**Provided data**
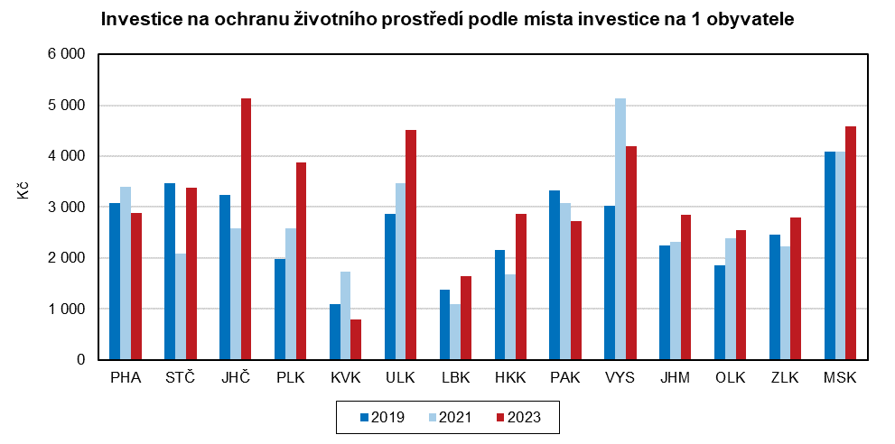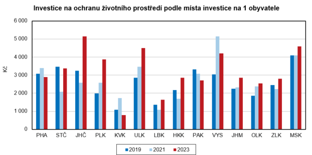 Investice na ochranu životního prostředí vynaložené na území Libereckého kraje (bez ohledu na sídlo investora) dosáhly v roce 2023 v porovnání s ostatními kraji 2. nejnižší částky, a to 739,8 mil. Kč. Meziročně byly nižší o 40,9 mil. Kč (-5,2 %). Proti roku 2022 byl nižší objem vynaložených investic na území regionu zjištěn také v dalších 5 krajích, z toho nejvýraznější pokles zaznamenal Karlovarský kraj (-60,0 %). Ve zbývajících krajích se investice na ochranu životního prostředí navýšily, nejvíce v Ústeckém kraji (+39,0 %). V přepočtu na 1 obyvatele dosáhly sledované investice v našem kraji 1 642,4 Kč, tato hodnota je v rámci regionů po Karlovarském kraji (794,5 Kč) 2. nejnižší. V porovnání s republikovým průměrem (3 366,2 Kč) je o 1 723,8 Kč nižší. Nejvíce prostředků na 1 obyvatele bylo v roce 2023 proinvestováno v Jihočeském kraji, tj. 5 140,2 Kč.
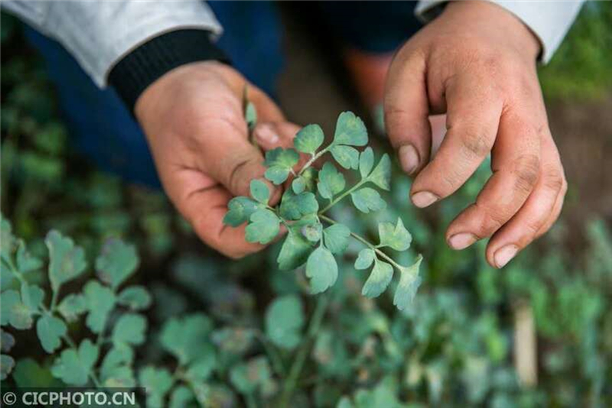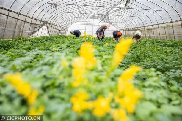 2020年11月3日,村民在贵州省毕节市大方县鼎新乡长丰村大棚里对岩黄连进行管理。CICPHOTO/罗大富 摄
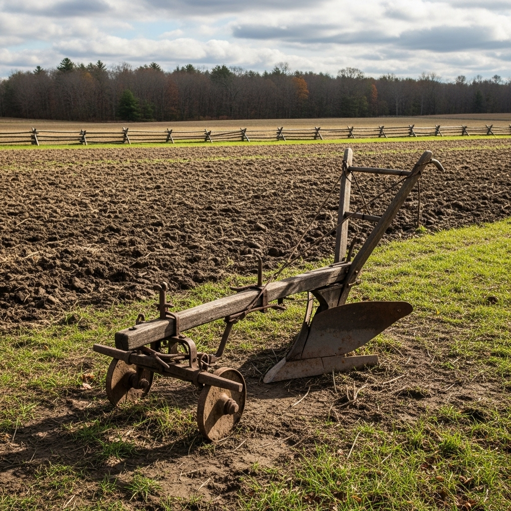 Добрый день, славный человек! Коли заглянул ко мне на хутор, да еще и про дела мои расспрашиваешь, присядь на завалинку, я тебе поведаю о своих верных товарищах. Нет, не о соседях речь, а о тех, без кого и дня моего не бывает, без кого земля молчала бы, а амбар пустовал. Расскажу я тебе про свой инструмент, про мои руки, что из дерева и железа сделаны. Орудия пахоты и подготовки земли Все начинается с земли, с ее весеннего пробуждения. И первый мой помощник тут – плуг. Мой плуг не чета нынешним новомодным штуковинам, он из крепкого дуба сработан. У него есть колесный передок, чтобы глубоко не зарывался, и деревянное дышло для упряжи. А главные его части – это сошник, или лемех, что землю подрезает, да отвал, который пласт земли переворачивает. Лемех у меня, конечно, железный, иначе с нашей глинистой почвой не сладить. Тяжел он в работе, и мне, и волу моему, Борушке, спину ломит, пока пашню поднимешь. Но без него – никак, ведь он землю-матушку к новому урожаю готовит. После плуга идет
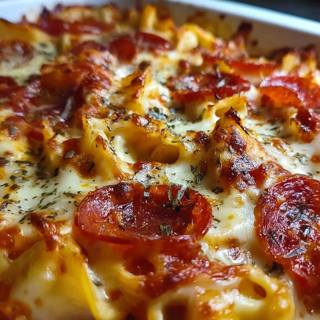 Cheese Tortellini Pepperoni Pizza Casserole Delight
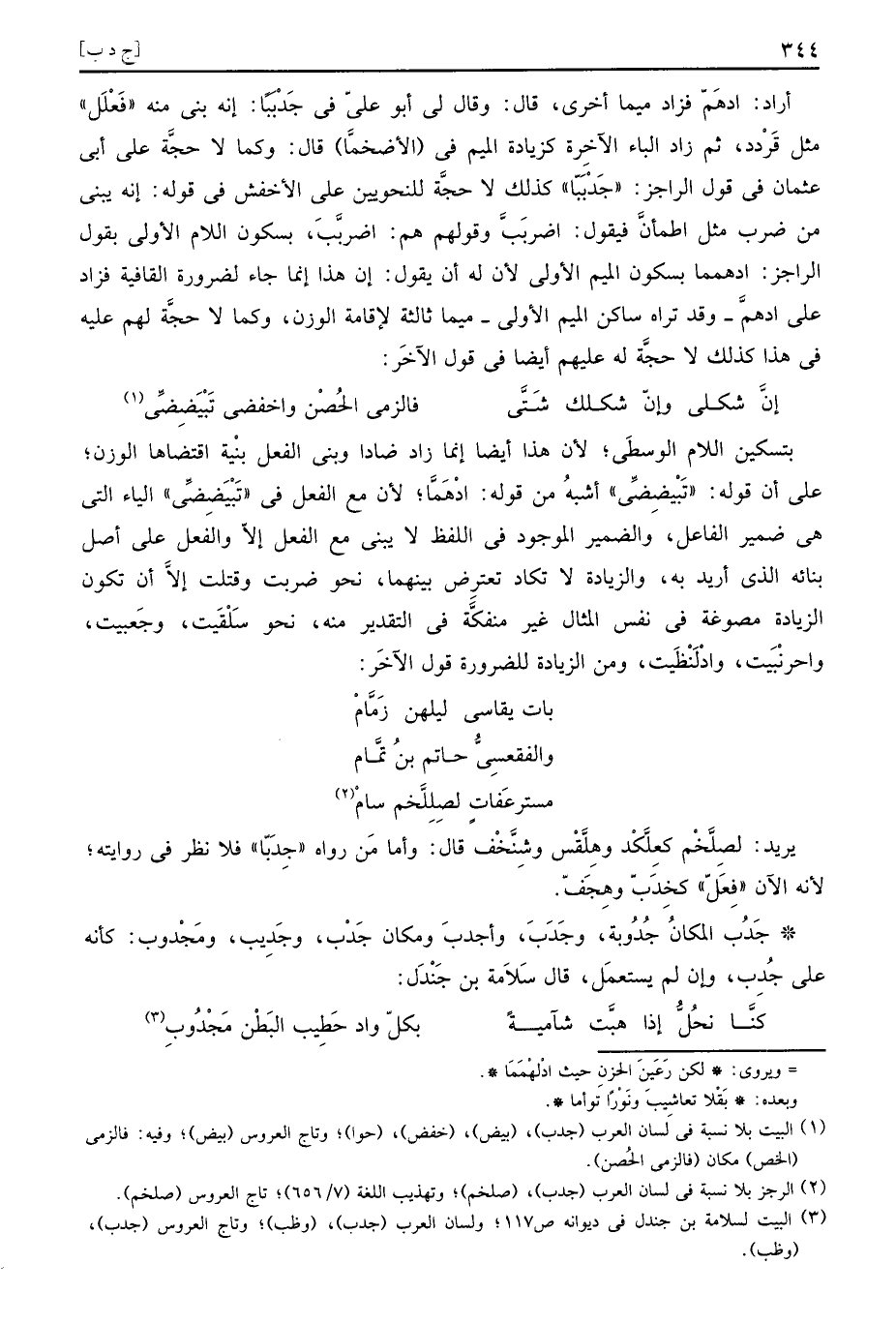 أَرَادَ: ادهم فَزَاد ميما أُخْرَى، قَالَ: وَقَالَ لي أَبُو عَليّ فِي جَدْبَبّا: إِنَّه بنى مِنْهُ " فَعْلَل " مثل قَرْدد، ثمَّ زَاد الْبَاء الْآخِرَة كزيادة الْمِيم فِي " الأضخمَّا " قَالَ: وكما لَا حجَّة على أبي عُثْمَان فِي قَول الراجز: " جَدْبَبّا " كَذَلِك لَا حجَّة للنحويين على الْأَخْفَش فِي قَوْله: إِنَّه يبْنى من ضرب مثل اطْمَأَن فَيَقُول: اضربَبَّ وَقَوْلهمْ هم: اضربَّبَ، بِسُكُون اللَّام الأولى بقول الراجز: ادهمما بِسُكُون الْمِيم الأولى لِأَن لَهُ أَن يَقُول: إِن هَذَا إِنَّمَا جَاءَ لضَرُورَة القافية فَزَاد على ادهم، وَقد نرَاهُ سَاكن الْمِيم الأولى، ميما ثَالِثَة لإِقَامَة الْوَزْن، وكما لَا حجَّة لَهُم عَلَيْهِ فِي هَذَا كَذَلِك لَا حجَّة لَهُ عَلَيْهِم أَيْضا فِي قَول الآخر:

**Instructions to follow**
Repeat every line of the data exactly, but do not include pictures.

**Answer for this exercise**
 Investice na ochranu životního prostředí vynaložené na území Libereckého kraje (bez ohledu na sídlo investora) dosáhly v roce 2023 v porovnání s ostatními kraji 2. nejnižší částky, a to 739,8 mil. Kč. Meziročně byly nižší o 40,9 mil. Kč (-5,2 %). Proti roku 2022 byl nižší objem vynaložených investic na území regionu zjištěn také v dalších 5 krajích, z toho nejvýraznější pokles zaznamenal Karlovarský kraj (-60,0 %). Ve zbývajících krajích se investice na ochranu životního prostředí navýšily, nejvíce v Ústeckém kraji (+39,0 %). V přepočtu na 1 obyvatele dosáhly sledované investice v našem kraji 1 642,4 Kč, tato hodnota je v rámci regionů po Karlovarském kraji (794,5 Kč) 2. nejnižší. V porovnání s republikovým průměrem (3 366,2 Kč) je o 1 723,8 Kč nižší. Nejvíce prostředků na 1 obyvatele bylo v roce 2023 proinvestováno v Jihočeském kraji, tj. 5 140,2 Kč.
 2020年11月3日,村民在贵州省毕节市大方县鼎新乡长丰村大棚里对岩黄连进行管理。CICPHOTO/罗大富 摄
 Добрый день, славный человек! Коли заглянул ко мне на хутор, да еще и про дела мои расспрашиваешь, присядь на завалинку, я тебе поведаю о своих верных товарищах. Нет, не о соседях речь, а о тех, без кого и дня моего не бывает, без кого земля молчала бы, а амбар пустовал. Расскажу я тебе про свой инструмент, про мои руки, что из дерева и железа сделаны. Орудия пахоты и подготовки земли Все начинается с земли, с ее весеннего пробуждения. И первый мой помощник тут – плуг. Мой плуг не чета нынешним новомодным штуковинам, он из крепкого дуба сработан. У него есть колесный передок, чтобы глубоко не зарывался, и деревянное дышло для упряжи. А главные его части – это сошник, или лемех, что землю подрезает, да отвал, который пласт земли переворачивает. Лемех у меня, конечно, железный, иначе с нашей глинистой почвой не сладить. Тяжел он в работе, и мне, и волу моему, Борушке, спину ломит, пока пашню поднимешь. Но без него – никак, ведь он землю-матушку к новому урожаю готовит. После плуга идет
 Cheese Tortellini Pepperoni Pizza Casserole Delight
 أَرَادَ: ادهم فَزَاد ميما أُخْرَى، قَالَ: وَقَالَ لي أَبُو عَليّ فِي جَدْبَبّا: إِنَّه بنى مِنْهُ " فَعْلَل " مثل قَرْدد، ثمَّ زَاد الْبَاء الْآخِرَة كزيادة الْمِيم فِي " الأضخمَّا " قَالَ: وكما لَا حجَّة على أبي عُثْمَان فِي قَول الراجز: " جَدْبَبّا " كَذَلِك لَا حجَّة للنحويين على الْأَخْفَش فِي قَوْله: إِنَّه يبْنى من ضرب مثل اطْمَأَن فَيَقُول: اضربَبَّ وَقَوْلهمْ هم: اضربَّبَ، بِسُكُون اللَّام الأولى بقول الراجز: ادهمما بِسُكُون الْمِيم الأولى لِأَن لَهُ أَن يَقُول: إِن هَذَا إِنَّمَا جَاءَ لضَرُورَة القافية فَزَاد على ادهم، وَقد نرَاهُ سَاكن الْمِيم الأولى، ميما ثَالِثَة لإِقَامَة الْوَزْن، وكما لَا حجَّة لَهُم عَلَيْهِ فِي هَذَا كَذَلِك لَا حجَّة لَهُ عَلَيْهِم أَيْضا فِي قَول الآخر:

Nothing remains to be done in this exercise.